A system consists of two identical cubes, each of mass m, linked together by the compressed weightless spring of stiffness `ϰ` (figure). The cubes are also connected by a thread which is burned through at a certain moment. Find:
(a) at what values of `Deltal`, the initial compression of the spring, the lower cube will bounce up after the thread has been burned through:
(b) to what height h the centre of gravity of this system will rise if the initial compression of the spring `Deltal=7mg//ϰ`.

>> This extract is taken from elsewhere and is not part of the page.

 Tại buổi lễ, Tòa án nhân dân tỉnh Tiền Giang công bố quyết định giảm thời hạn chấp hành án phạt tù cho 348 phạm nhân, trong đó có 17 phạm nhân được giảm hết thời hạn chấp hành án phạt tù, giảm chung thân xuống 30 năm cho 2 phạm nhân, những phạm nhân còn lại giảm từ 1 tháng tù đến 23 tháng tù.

(a) The initial compression in the spring `Deltal` must be such that after buring of the thread, the upper cube rises to a height that produces a tension in the spring that is atleast equal to the weight of the lower cube. Actually, the spring will first go from its compressed state to its natural length and then get elongated beyond this natural length. Let l bet the maximum elongation produced under these circumstances.
Then `kl=mg` (1)
Now, from energy conservation,
`1/2kDeltal^2=mg(Deltal+l)+1/2kl^2` (2)
(Because at maximum elongation of the spring, the speed of upper cube becomes zero)
From (1) and (2),
`Deltal^2-(2mgDeltal)/(k)-(3m^2g^2)/(k^2)=0` or, `Deltal=(3mg)/(k)`, `(-mg)/(k)`
Therefore, acceptable solution of `Deltal` equals `(3mg)/(k)`
(b) Let v the velocity of upper cube at the position (say, at C) when the lower block breaks off the floor, then from energy conservation.

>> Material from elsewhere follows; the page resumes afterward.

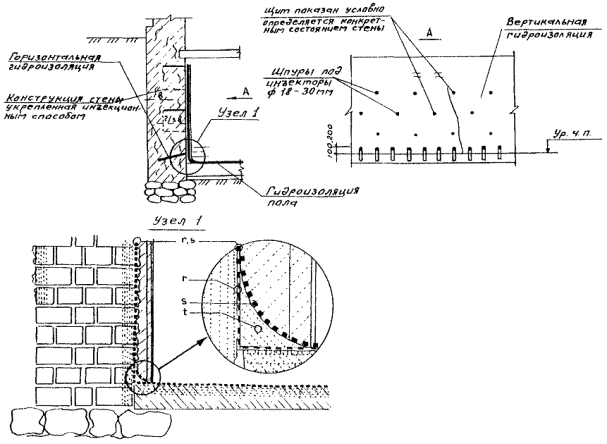 - гигроскопическое водопоглощение; 6 - конденсация Выполнение работ разрешено при следующих условиях: - температура наружного воздуха должна быть не ниже +5°С; - с наружной стороны стены должны быть отморожены не менее чем на половину их толщины, что достигается выдерживанием при устойчивой круглосуточной температуре +8°С в течение 5 суток подряд. Запрещается выполнение работ по покровной гидроизоляции: - в жаркую погоду при температуре воздуха в тени +27°С и при прямом воздействии солнечных лучей; - во время дождя и непосредственно после дождя по поверхности, не впитавшей воду; - при ветре, скорость которого превышает 10 м/сек. Гидроизоляцию внутренних поверхностей допускается производить в помещении при температуре не ниже 10°С и относительной влажности воздуха не более 80%. 2. ТЕХНОЛОГИЯ ПОДГОТОВКИ ПОВЕРХНОСТЕЙ ДЛЯ РАБОТ ПО ГИДРОЗАЩИТЕ И УКРЕПЛЕНИЮ КОНСТРУКЦИЙ2.1. Перед началом работ по гидрозащите и укреплению конструкций частей зданий и сооружений инъекционными и покровными способами необходимо: - тщательно осмотреть поверхность изолируемых конструкций; - расчистить все дефектные места (трещины, выбоины, несвязанные раствором места); - обрабатываемая поверхность должна быть чистой, прочной, очищенной от остатков мазута, гудрона, цементного раствора, масляных и жировых пятен, затиров от резины, затеков и т.д.; - по возможности поверхность следует обработать скребками или пескоструйным аппаратом; - обладающие впитывающими свойствами поверхности необходимо равномерно обильно смочить водой, избегая образования луж; - поврежденные места (сколы, раковины, трещины и т.д.) затирают полимерцеметным раствором из сухой смеси марки не ниже 75, затворяемой вяжущей эмульсией Асопласт-МЦ. (Асопласт-МЦ - синтетическая эмульсия на бутодиене и стироле - придает застывшему раствору повышенное сцепление, повышает эластичность и стойкость к размоканию, снижает водопроницаемость, увеличивает химическую стойкость). 2.2. В случае немедленной гидроизоляции увлажненных мест поверхностей, мест протекания и просачивания воды в подвалах, шахтах и т.д. используется уплотнительный цемент ФИКС-10с. 2.3. В случае необходимости устройства в наружных стенах здания горизонтальной гидроизоляции необходимо обеспечить доступ для установки инъекторов и инъецирования по всему периметру здания (снаружи и изнутри). 2.4. Русты и трещины в стенах и перекрытиях должны выполняться полимерцементным составом с применением сухой смеси с Асопластом-МЦ и последующим выравниванием. Места примыканий разнородных материалов необходимо проклеивать марлей на 50%-ной поливинилацетатной пластифицированной (содержащей дибутилфталат ГОСТ 18992-80) дисперсии, разбавленной водой 2:1 или клеем Унифлекс-Б. Марля должна быть тщательно разглажена, не иметь складок, вздутий и после высыхания клеевого слоя не отслаиваться от поверхности. 3. ТЕХНИЧЕСКИЕ ТРЕБОВАНИЯ К ИНЪЕКЦИОННЫМ ГИДРОИЗОЛЯЦИОННЫМ МАТЕРИАЛАМ3.1. Область применения:- для прекращения капиллярного впитывания путем создания горизонтального заслона при работах по ремонту старых зданий; - для ликвидации пустот и раковин; - для ликвидации неплотностей в бетоне, если имеются различного рода крепления (анкеры, консоли, выступающие опоры, гильзы и др.); - для замоноличивания пазух в подземных сооружениях, заполненных щебнем, кусками бет

`1/2mv^2=1/2k(Deltal^2-l^2)-mg(l+Deltal)`
(where `l=mg//k` and `Deltal=7(mg)/(k)`)
or, `v^2=32(mg^2)/(k)` (2)
At the position C, the velocity of C.M, `v_C=(mv+0)/(2m)=v/2`-Let, the C.M. of the system (spring+ two cubes) further rises up to `Deltay_(c2)`.

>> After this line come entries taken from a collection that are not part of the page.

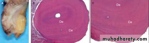Less frequent than resorption, the pathologic deposition of several layers of cementum around the apical structure can be observed in association with some periradicular lesions.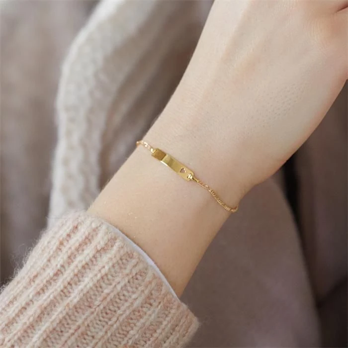 ElĂ©gante gourmette en or jaune 375 en maille figaro avec sa plaque rectangulaire ajourĂ©e d’un petit coeur et son fermoir mousqueton pour un plus grand confort. Le bracelet en or est disponible en diffĂ©rentes longueurs. L’anneau intermĂ©diaire permet de raccourcir la longueur du bracelet d’environ 2-3 cm. Profitez de la première gravure diamant gratuite avec un nom, une date, ou encore un symbole. C’est parfait comme cadeau Ă offrir ou pour se faire plaisir.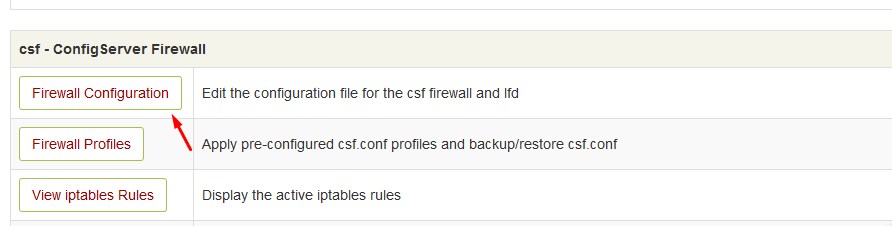 From Command line you can edit csf configuration file /etc/csf/csf.conf

Now, from energy conservation,
`1/2(2m)v_C^2=(2m)gDeltar_(C2)`
or, `Deltay_(C2)=(v_C^2)/(2g)=(v^2)/(8g)=(4mg)/(k)`
But, uptil position C, the C.M. of the system has already elevated by,
`Deltay_(C1)=((Deltal+l)m+0)/(2m)=(4mg)/(k)`
Hence, the net displacement of the C.M. of the system, in upward direction
`Deltay_C=Deltay_(C1)+Deltay_(C2)=(8mg)/(k)`